Control output: set max_tokens parameter to expected output length. Avoid unnecessarily long responses.

For text understanding tasks, focus on input efficiency. For generation tasks, focus on output efficiency.

Caching and Optimization Strategies

OpenAI Prompt Caching:

Feature: First request with a given prompt pays full price. Subsequent requests using cached segments pay 10% for input tokens matching the cache.

Economics: Request 1 = $5 / 1M tokens. Request 2-10 (same context) = $0.50 / 1M tokens. After 10 requests, cache pays for itself.

Best for: Applications reusing fixed context (RAG systems with repeated documents, customer support with shared knowledge base, code analysis with repeated codebase segments).

Anthropic Batch Processing:

Anthropic offers batch API with 50% discount for non-time-critical workloads. Ideal for bulk processing.

Economics: Real-time API costs $15/1M input (Opus). Batch API costs $7.50/1M. For 100M tokens monthly, batch saves $750.

Best for: Bulk document processing, classification, summarization where latency tolerance exists.

Model Selection Optimization:

Choosing cheaper models when quality permits yields substantial savings:

Haiku (Anthropic) or Gemini Flash instead of Opus for simple tasks: 15-75x cheaper
GPT-3.5-turbo instead of GPT-4o for straightforward tasks: 10x cheaper
Llama 3 70B via Groq instead of proprietary models: 20-50x cheaper (if quality sufficient)

Quality-adjusted cost analysis: Test task completion with cheaper models first.

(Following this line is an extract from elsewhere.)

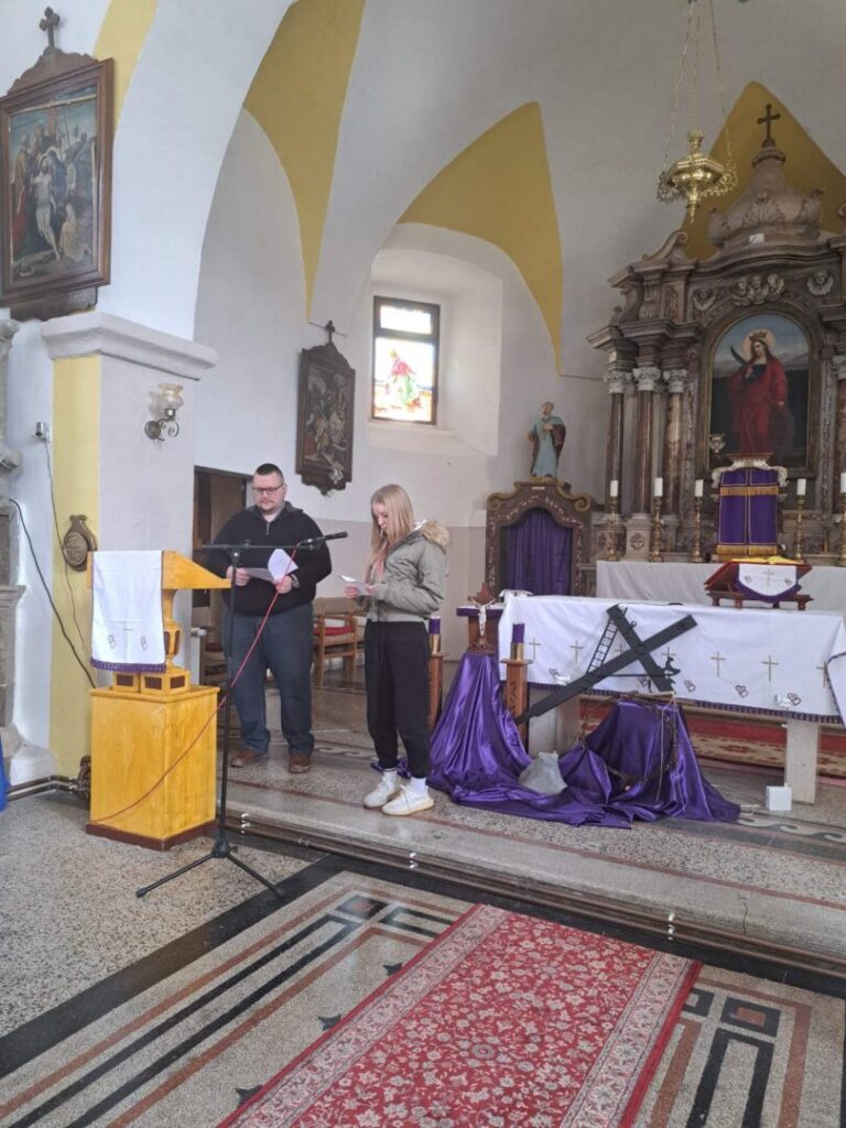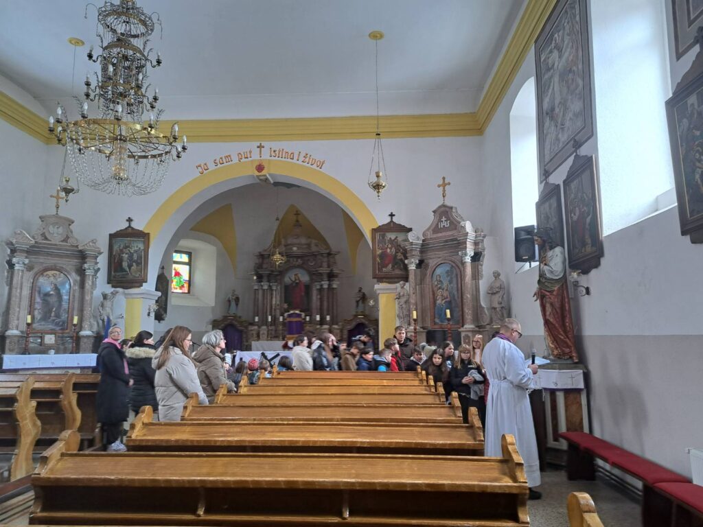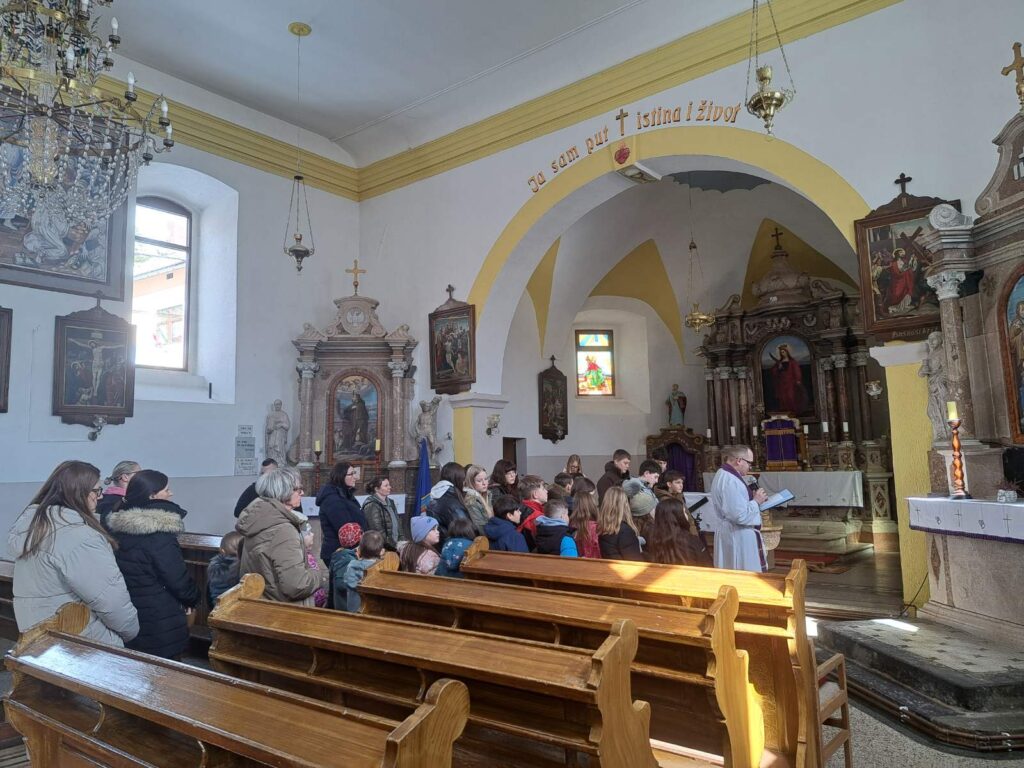 Velečasni Kristijan Pandl vodio je u četvrtak 19. ožujka križni put za učenike koji je prilagodio njihovom razumijevanju i svakodnevnom životu te ih upućivao na vrijednosti koja djeca mogu prepoznati, a to su prijateljstvo, pomoć drugima i opraštanje. Uz svaku postaju naši su učenici, uz podršku vjeroučitelja Mate Perkovića, čitali tekstove kojima su isticali kako je Isus i u teškim trenucima pokazivao ljubav prema drugima i naučio nas da prava snaga nije u moći, nego u dobroti i vjernosti prijateljima.

Use expensive models only if cheaper alternatives fail.

Real-World Cost Scenarios

Scenario 1: Customer Support Chatbot (1,000 daily conversations)

Assumptions:

2,000 token average context (customer history + knowledge base)
200 token average response
Using GPT-3.5-turbo

Daily cost:

Input: 1,000 × 2,000 tokens × $0.50/1M = $1.00
Output: 1,000 × 200 tokens × $1.50/1M = $0.30
Total daily: $1.30
Monthly: $39

Same with Claude Haiku 4.5:

Input: 1,000 × 2,000 × $1.00/1M = $2.00
Output: 1,000 × 200 × $5.00/1M = $1.00
Total daily: $3.00
Monthly: $90

Same with Gemini 2.5 Flash:

Input: 1,000 × 2,000 × $0.30/1M = $0.60
Output: 1,000 × 200 × $2.50/1M = $0.50
Total daily: $1.10
Monthly: $33 (15% savings vs. GPT-3.5-turbo at ~$39)

Scenario 2: Batch Document Summarization (100,000 documents)

Assumptions:

3,000 token average document
500 token summary
Can use batch API (non-real-time)

Using Claude Opus 4.6 (real-time):

Input: 100K × 3,000 × $5/1M = $1,500
Output: 100K × 500 × $25/1M = $1,250
Total: $2,750

Using Claude Opus 4.6 (batch at 50% input discount):

Total: ~$2,000

Using Llama 3 70B via Together (batch equivalent):

Input: 100K × 3,000 × $0.40/1M = $120
Output: 100K × 500 × $1.20/1M = $60
Total: $180 (23x cheaper than Opus batch)

Scenario 3: Code Generation for Development (50 prompts daily)

Assumptions:

500 token average prompt (code context + instructions)
800 token average generated code
Needs high quality (GPT-4o)

Daily cost:

Input: 50 × 500 × $2.50/1M = $0.0625
Output: 50 × 800 × $10/1M = $0.40
Daily: $0.4625
Monthly: $13.88

With GPT-4o-mini (acceptable for routine tasks):

Input: 50 × 500 × $0.15/1M = $0.00375
Output: 50 × 800 × $0.60/1M = $0.024
Daily: $0.02775
Monthly: $0.83 (94% savings vs GPT-4o)

With Mistral Large:

Input: 50 × 500 × $2.00/1M = $0.05
Output: 50 × 800 × $6.00/1M = $0.24
Daily: $0.29
Monthly: $8.70

Quality vs. Cost Tradeoffs

Not all models are equal. Quality-adjusted pricing requires testing:

Simple Classification Tasks:

GPT-3.5-turbo and Claude Haiku both achieve 95%+ accuracy at 20-60x lower cost than premium models. Quality-adjusted savings are massive.

Complex Reasoning:

Claude Opus and GPT-4o maintain significant quality advantages for multi-step reasoning. Premium models justify costs if accuracy above 85-90% is required.

Code Generation:

GPT-4o leads for complex problems. For routine patterns, GPT-3.5 is competitive. Haiku sometimes struggles with intricate requirements.

Creative Writing:

Claude excels due to long context handling and instruction-following. GPT-4o similar quality. Cheaper models produce acceptable but lower-quality output.

Recommendation: Test each model with the representative workload. If all achieve 90%+ accuracy, use cheapest option.

Multi-Provider Strategy

Many teams balance cost and capability with multi-provider approaches:

Premium tasks (reasoning, analysis): Claude Opus or GPT-4o
Standard tasks (classification, summarization): GPT-3.5 or Claude Sonnet
Cost-sensitive tasks: Gemini Flash or Llama via Groq
Bulk processing: Batch APIs (50% discount)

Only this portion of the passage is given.